Gender also played a significant role in the prevalence of comorbid conditions. Men with HS were more likely than women to experience conditions such as myocardial infarction (OR, 2.45; P < 0.05), congestive heart failure (OR, 2.21; P < 0.05), peripheral vascular disease (OR, 2.17; P < 0.05), mild liver disease (OR, 2.87; P < 0.05), and renal disease (OR, 3.05; P < 0.05). However, men were less likely to suffer from rheumatic disease (OR, 0.39; P < 0.05). These findings indicate that men with HS may face a unique set of health challenges compared to women, necessitating gender-specific management strategies.

Study Limitations and Future Directions

While the study provides valuable insights into the clinical characteristics of HS, it does have limitations. The researchers note that changes in diagnostic practices over time and unaccounted-for confounding factors could influence the findings. Additionally, the study’s results may not be fully generalizable to other populations, as it was conducted at a single medical center.

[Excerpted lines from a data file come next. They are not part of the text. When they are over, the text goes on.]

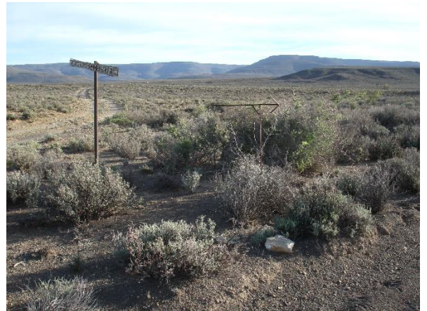
Figure 3 The scraggy habitats of the Moordenaars Karoo.

I began to wonder whether this is this some kind of record? Neither Simon nor I have ever experienced this before in all our atlasing days. When one visits the Karoo, the impression is generally one of a monotone habitat, often miles of scraggy drie-doring shrubs, distant koppies, rocky outcrops, some dry river courses. Pentad 3245_2040 had this, but clearly just a bit more to get all 7 Western Cape chat species! It just goes to show that one never does know what your atlasing will reveal!
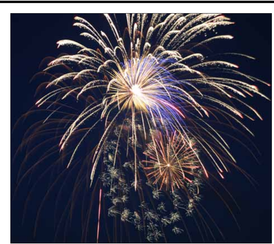
LEFT: Fireworks light the night sky during the Independence Day Celebration at Whiteman Air Force Base, Mo., June 30, 2016. This was the first year the show used 8-inch shells, versus the usual 6-inch shells, for a bigger display for Whiteman personnel and their families.

RIGHT: A participant of the Independence Day Celebration throws a ball toward the dunk tank button at Whiteman Air Force Base, Mo., June 30, 2016. Personnel and their families had the opportunity to send their squadrons' first sergeants into the tank of cold water.
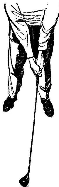
Fig. 9B. The correct position, with the body square to the projected line of flight and the club pointing to the left of the player's trousers fly. Note, too, how the squaring of hips and shoulders changes the position of the hands and club.

We have had pupils with pretty good swings who found it almost impossible to take a straight divot, for instance. They persisted in swinging from the outside. Once they were shown the little

The authors concluded that the findings underscore the need for future studies to account for demographic factors such as race, ethnicity, and sex when investigating HS. Tailored clinical study designs could help uncover further nuances in the pathophysiology and management of HS across diverse patient populations.

In summary, the study highlights how race, ethnicity, and sex can influence the presentation and comorbidities associated with hidradenitis suppurativa, suggesting that a more personalized approach to treatment and management may be beneficial for patients with this challenging condition.